A Broadening Definition in Fast Nuclear Reactor Design: A New Meaning for the Abbreviation "LMFR."

Last edited Sun Jan 12, 2020, 03:02 PM - Edit history (1)

The paper I'll discuss in this brief post is this one: A Review of Molten Salt Reactor Kinetics Models (Wooten and Powers, NUCLEAR SCIENCE AND ENGINEERING · VOLUME 191 · 203–230 · SEPTEMBER 2018.)

The concept of "Molten Salt Nuclear Reactors" generally referred to as MSR's, has enjoyed a resurgence in recent years, and there are a plethora of start up companies devoted to them, some more likely to succeed than others. Even people who have a vague understanding that nuclear energy is the best (and in my opinion "only" ) tool for fighting climate change, but otherwise no deeper understanding of the technology, can generate enthusiasm for the "Liquid Thorium Molten Salt Reactor," about which they've heard, peripherally on the internet is "safer" and "generates less waste" than current nuclear reactors.

This is in spite of the fact that in comparison to all other forms of energy, the existing nuclear fleet is already "safer" and generates "less waste" than all other forms of energy.
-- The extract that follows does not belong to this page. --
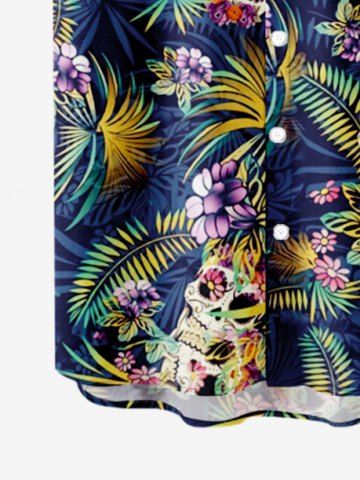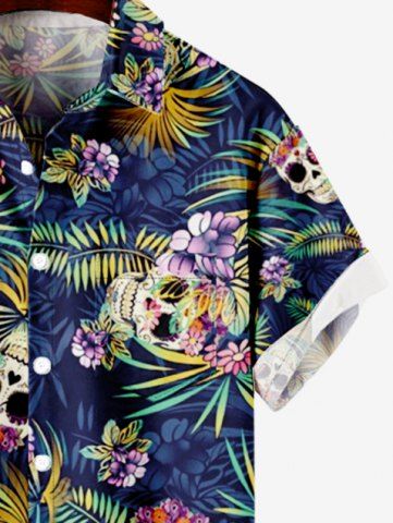 Kid's Skulls Coconut Tree Leaf Floral Print Hawaii Button Pocket Shirt - Multi-a - 160

Combustion waste, approximately equally divided between "renewable" biofuels and dangerous fossil fuels - there is less difference between these two than people think - kills between six and seven million people per year. That is "unsafe." The quantity of combustion waste is in the tens of billions of tons per year, whereas used nuclear fuel accumulates at about ten thousand tons per year. Used nuclear fuel is generally a solid, easy to contain indefinitely, combustion waste is gaseous, impossible (on scale) to contain even briefly. All of the deaths associated with commercial nuclear technology utilized in a period of well more than 60 years, do not match the number of deaths that will take place in the next six days from combustion waste.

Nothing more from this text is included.